Feature OpenAI Chat OpenAI Responses Anthropic Google GenAI
System instructions Message role instructions system system_instruction
Message container messages input items messages contents
Tool call args JSON string JSON string Dict Dict
Tool result delivery tool message function_call_output item tool_result in user msg functionResponse part
Response wrapper choices[] output[] Single message candidates[]
max_tokens field max_completion_tokens max_output_tokens max_tokens (required) maxOutputTokens
top_k No No Yes Yes
Temperature range 0–2 0–2 0–1 0–2
Streaming stream: true stream: true stream: true Separate endpoint
Auth header Authorization: Bearer Authorization: Bearer x-api-key x-goog-api-key

In LLM-Rosetta

Each API standard has a corresponding converter that translates between the provider format and the IR (Intermediate Representation).

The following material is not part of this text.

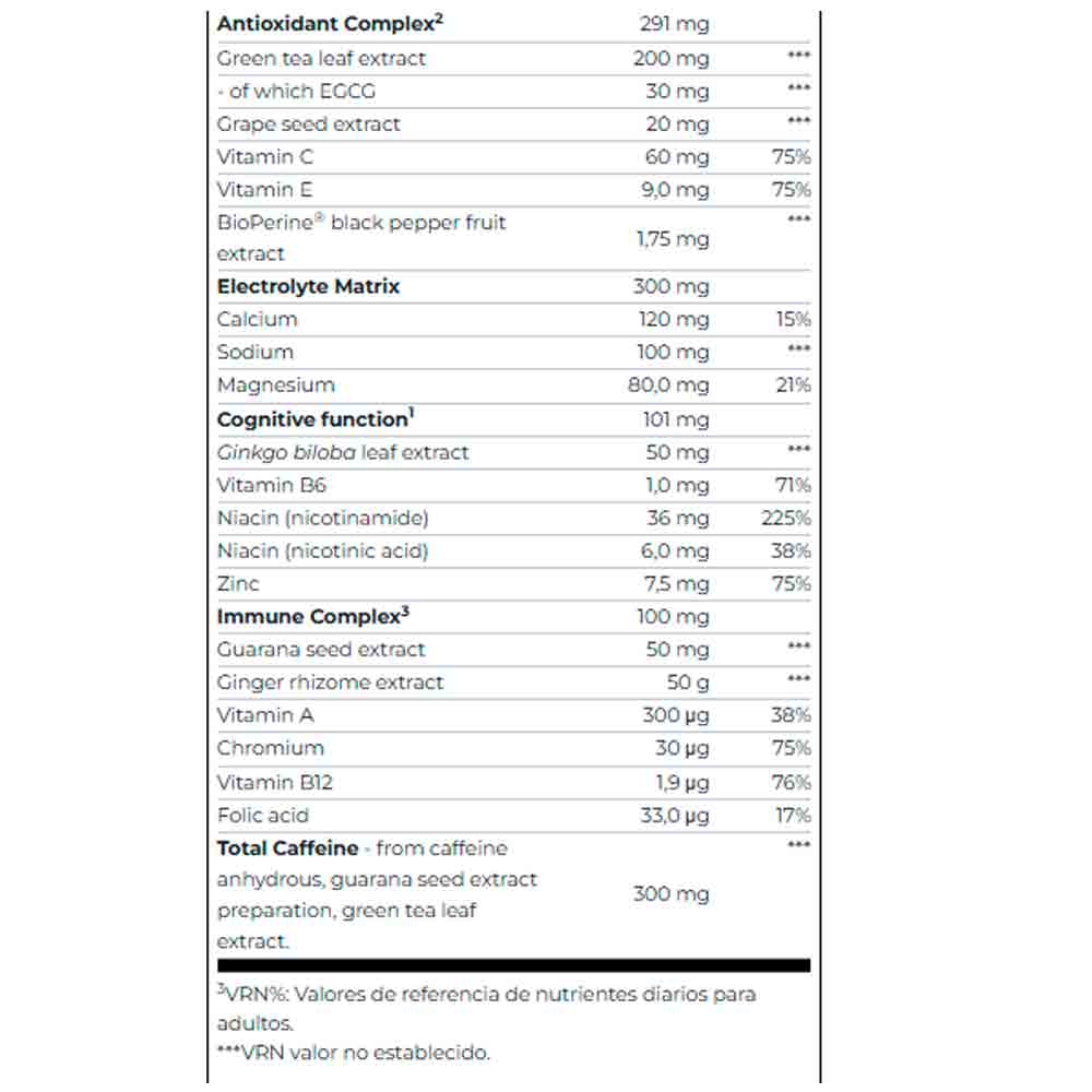 - INGREDIENTES ADICIONALES: 300 mg de cafeína de múltiples fuentes, extracto de pimienta negra (bioperine), con aminoácidos y electrolitos.

The gateway uses the type field in provider config to select the right converter:

"providers": {
  "my-openai":    { "type": "openai_chat",      "api_key": "...", "base_url": "..." },
  "my-anthropic": { "type": "anthropic",         "api_key": "...", "base_url": "..." },
  "my-google":    { "type": "google",            "api_key": "...", "base_url": "..." }
}

For programmatic use, see API Layers for the import guide.